Pc: The conditional chance that an A-unit reacting to one stimulus will respond to another. As threshold and inhibitory connections rise, it falls. Even with disjunct stimuli, Pc is greater than zero. Pc unites as stimuli match28. Lower Pc for smaller stimuli and higher thresholds.
Mathematical study of learning evaluates the system’s performance in terms of Pr (probability of accurate response between two options after a learning period) and Pg.

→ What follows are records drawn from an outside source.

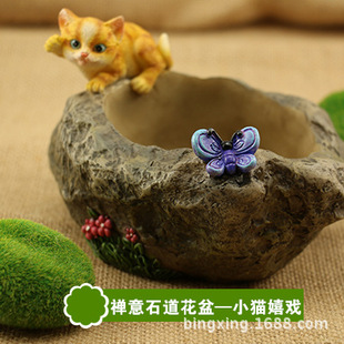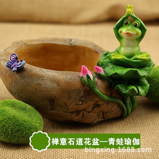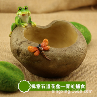 秉兴厂家直销仿石头石器创意多肉植物微景观青蛙禅意树脂花盆容器
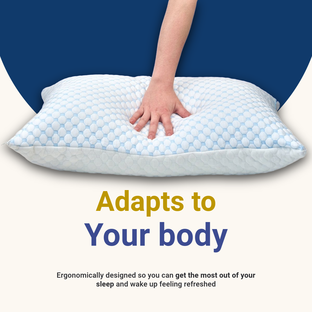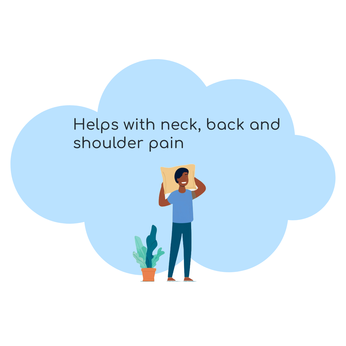 Filled with shredded memory foam that gently moulds to your unique shape — offering fully adjustable support that relieves pressure on the neck, shoulders and upper back. Ideal for reducing pain and improving posture overnight.
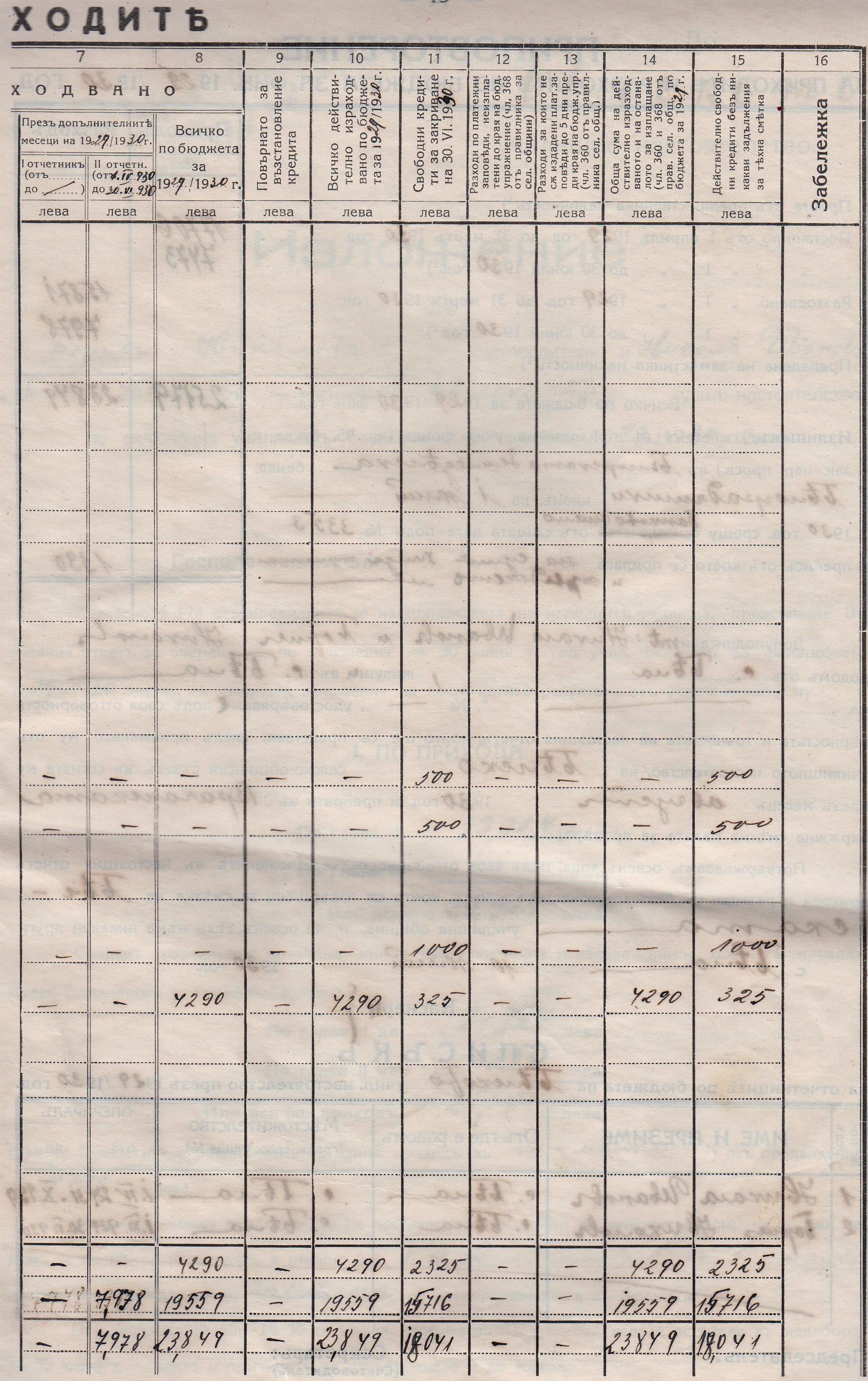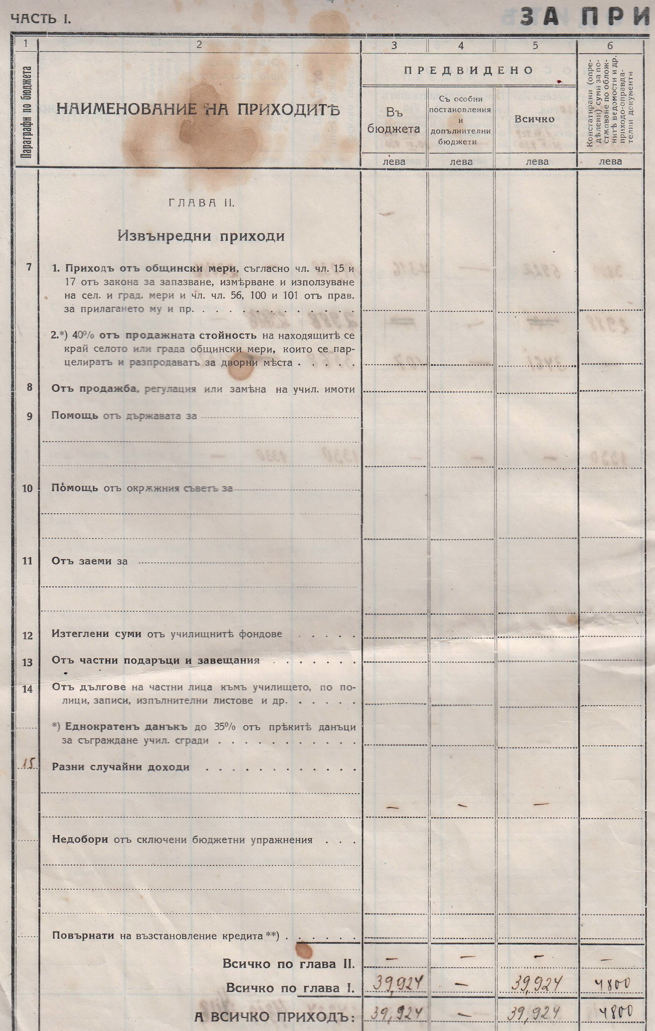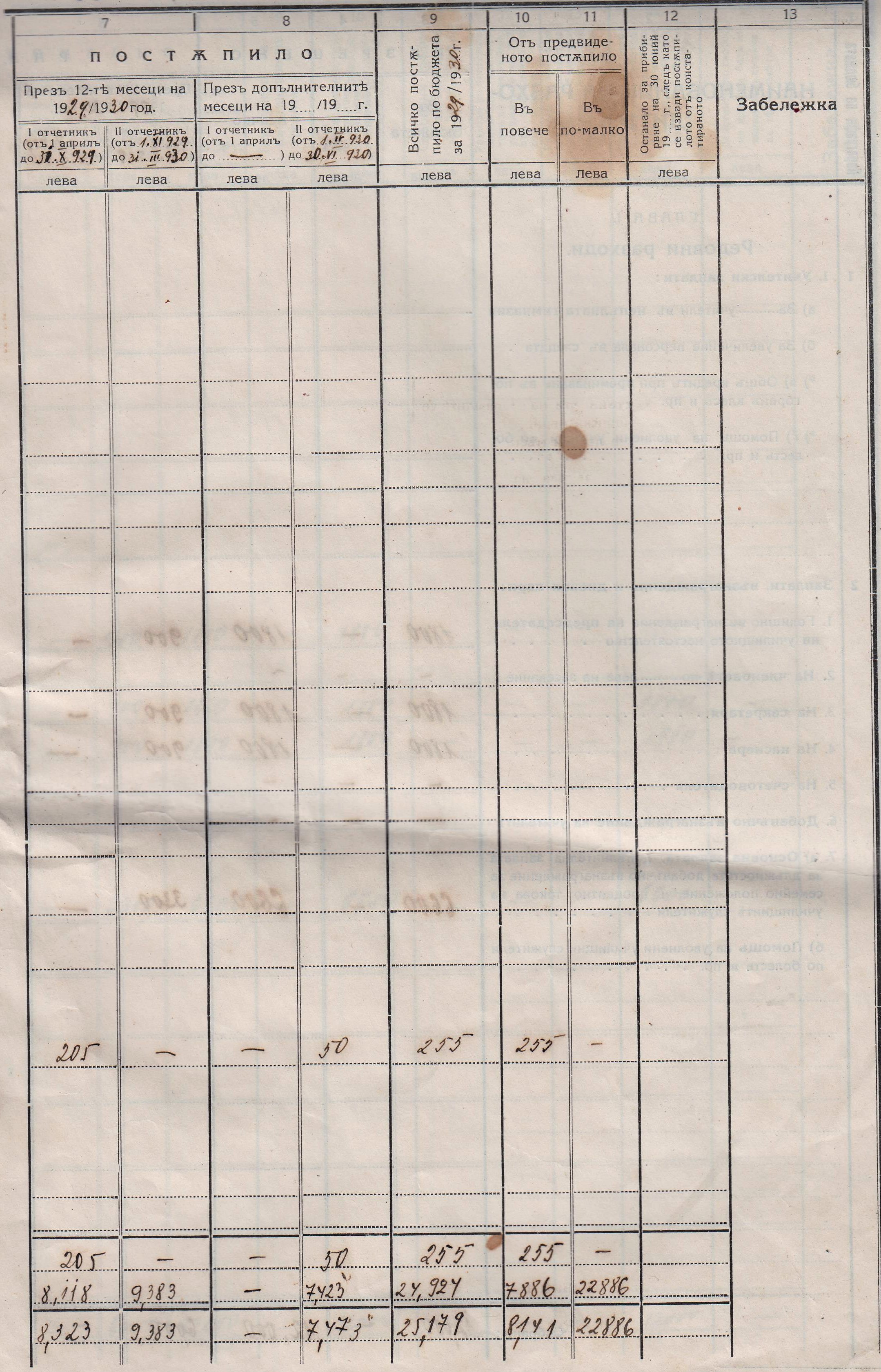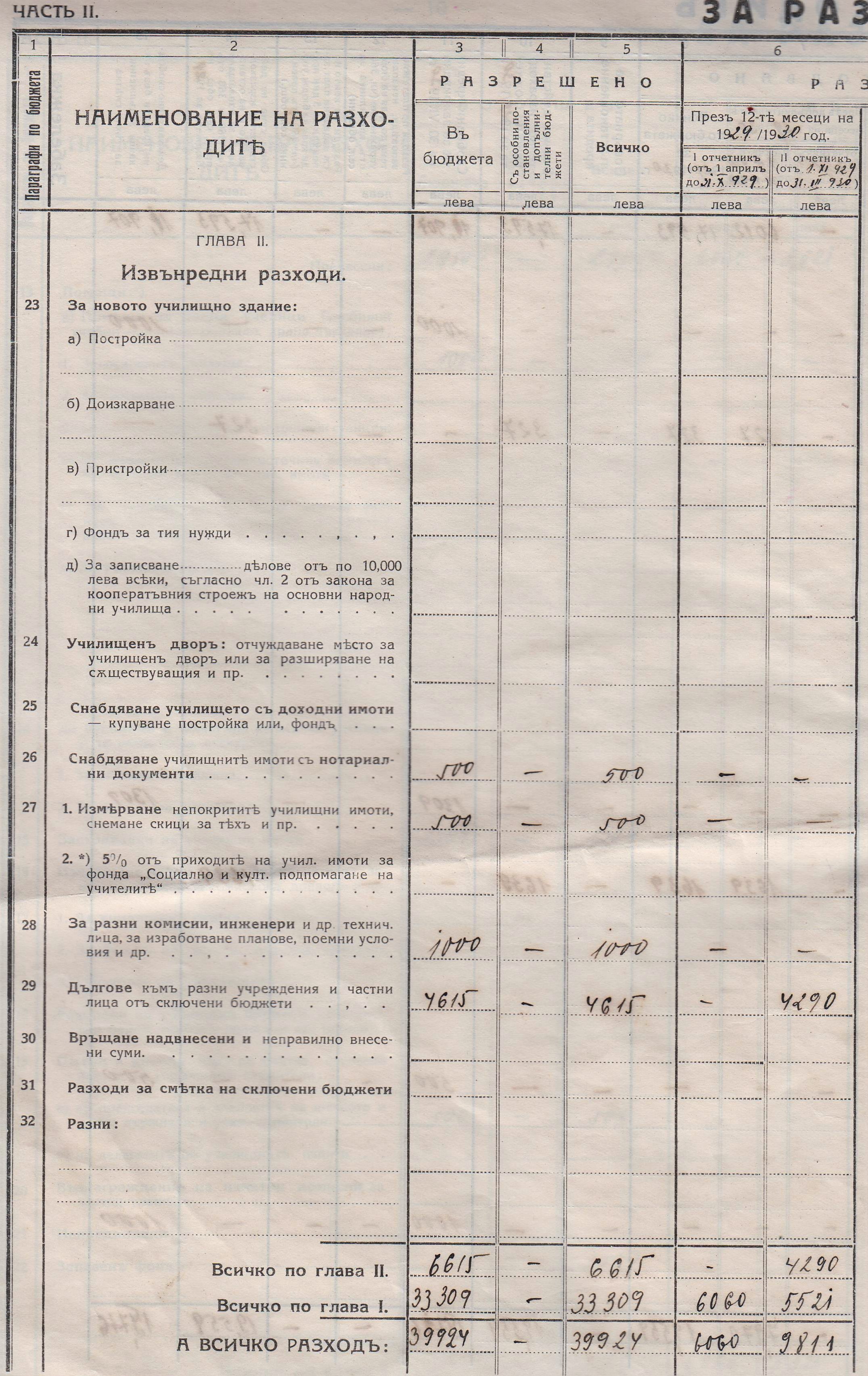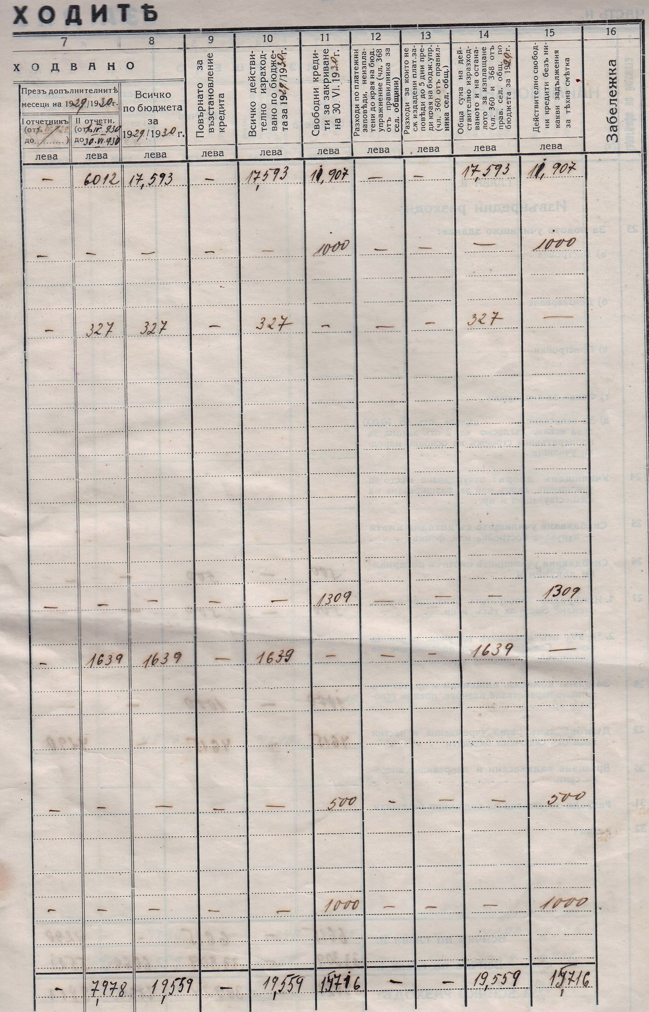 - Главен бюджет за 1929/30 фин. год., 2. Касова книга за 1929/30 г., 3. Квитанционна книга за 1929/30г., 4. Главен отчет за ф. 1929/30 г., 5. Пет връзки оправдателни документи, 6. Една връзка оправдателни документи.
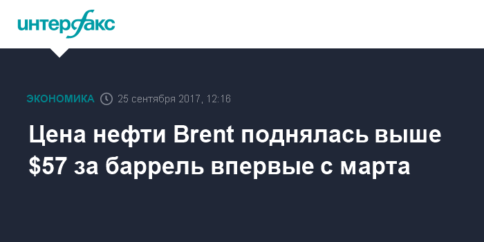 Москва. 25 сентября. INTERFAX.RU - Стоимость нефти Brent на торгах в Лондоне в понедельник поднялась выше $57 за баррель - внутридневное повышение цены до этого уровня отмечено впервые с марта 2017 года.
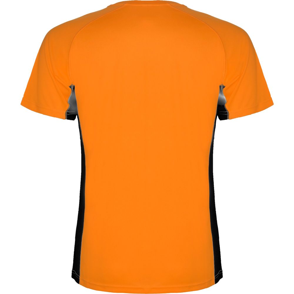 Technical and breathable fabric. A combination of two polyester fabrics: Main fabric in birds eye, side panels and inner sleeve in microperforated fabric. Crew neck with inner reinforced covered seams. Removable label. Mesh with cool fit finish of 100% Polyester, 140 g/m2, Contrast fabric, Mesh with cool fit finish of 100% Polyester, 140 g/m2.
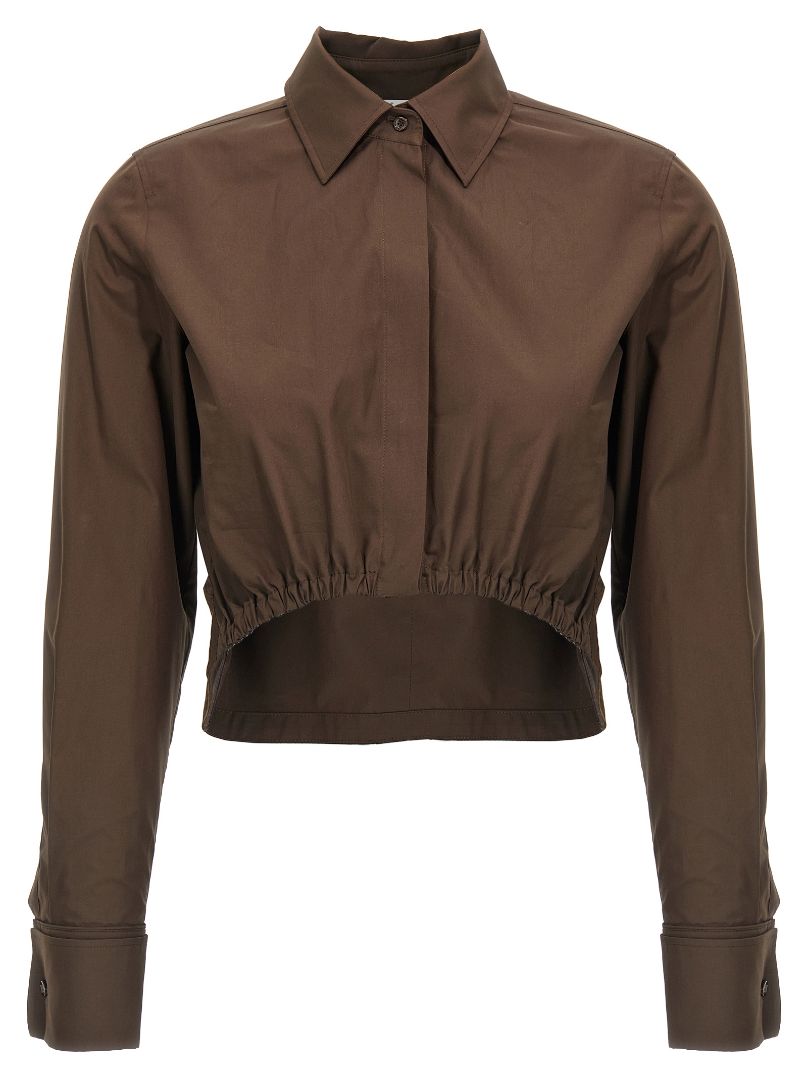 ‘angio’ cotton poplin shirt, Pointed collar, Cropped length, Curled at the bottom with elastic means, Asymmetric length, Long sleeves with cuffs.
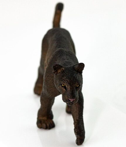 This accurate and detailed black panther toy is on the prowl, with its eyes focused and its paw stepping forward in mid-stalk.
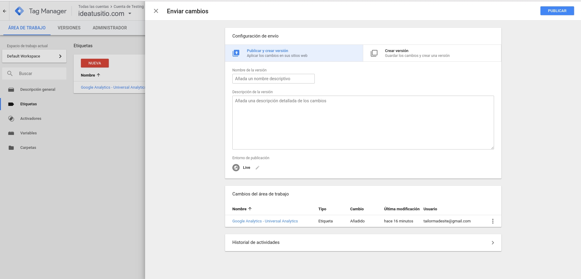 Con tu contenedor listo, haz clic en «Enviar» (esquina superior derecha) para empezar a publicar tus cambios. Escribe un “Nombre de versión” y una “Descripción de versión” para que puedas identificar tu contenedor y finalmente haz clic en “Publicar”.

Two systems are analyzed to determine the prevailing response: the mean-discriminating (μ-system) and the sum-discriminating (Σ-system).
A general equation approximates Pr and Pg. This equation incorporates elements such as P(Nar > 0) and constants (c1, c2, c3, c4) based on perceptron physical properties and stimulus environment organization.
Performance of the perceptron in several environments
Ideal Environment: Random lighting points without intrinsic similarity categorization. In this scenario, c1 is zero, hence Pg cannot exceed the random expectation. Pr analysis shows that alpha (α), beta (β), and gamma (γ) systems have distinct value-gain mechanisms. The μ-system typically outperforms the Σ-system.
Differentiated Environment: Multiple stimulus classes exist. When each response’s stimuli are from a different class, c1 becomes non-zero. This makes the performance asymptote non-random. Interestingly, Pg approaches Pr’s asymptote in the differentiated environment. In the limit, performance is good whether the test stimulus has been observed before or not. Better-than-chance performance occurs when the predicted value of Pc between members of the same class (Pc11) is larger than Pa, which is greater than Pc between stimuli from different classes (Pc12).
Bivalent systems offer positive and negative reinforcement. These systems allow active A-units to gain or lose value based on reinforcement signals. Bivalent systems reduce bias better. They facilitate trial-and-error learning. Computer simulations confirmed the theory’s predictions for bivalent systems.
Spontaneous Organization and Better Perceptrons
- If stimuli leave a record, statistical separability can separate temporal patterns like velocities or sound sequences.
- In the projection area, constraining origin point spatial distribution can make A-units contour-sensitive and increase performance.
- A-unit decay allows “spontaneous” idea creation, when the perceptron distinguishes stimulus classes without reinforcement.